High-quality cervical screening helps to reduce the incidence of cervical cancer and mortality. In Italy, the incidence of squamous cell and invasive cancers has significantly decreased from 11.6/100,000 to 8.7/100,000 since the introduction of cervical screening [35].

Prevention of colorectal cancer

Colorectal cancer (CRC) is the third most common cancer in men, after lung and prostate cancer, and the second most frequent cancer in women after breast cancer, with more than 1,360,000 cases per year (10% of the total cancer burden). Its incidence increases with age, and more men than women are affected [36]. CRC is a major cause of cancer-related death, ranking fourth after lung, liver and stomach cancer [37].

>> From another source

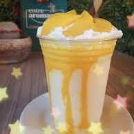 Bebida a base de yogur griego, mango, hielo, azucar y crema batida

Risk factors for developing CRC are: obesity [38], consumption of red and highly processed meat [39], tobacco and alcohol use, a history of inflammatory bowel disease (IBD) such as ulcerative colitis and Crohn's disease, a family history of inherited CRC, and syndromes such as familial adenomatous polyposis (FAP) or hereditary nonpolyposis colorectal cancer (HNPCC) [40]. Vegetable consumption and physical activity are protective factors [41].

CRC can be screened in several ways [42, 43], the most commonly used method being the stool test, known as fecal occult blood test (FOBT). Variants of this test are the guaiac-based FOBT (gFOBT), the fecal immunochemical test (FIT) and the stool DNA test (sDNA).

In the event of positivity, flexible sigmoidoscopy (FS) or total colonoscopy (TC) can be performed [37]. Computed tomography (CT) scans (CT colonography, or CTC) can be used in those patients in whom TC is contraindicated or if it has not been possible to perform a complete TC [37].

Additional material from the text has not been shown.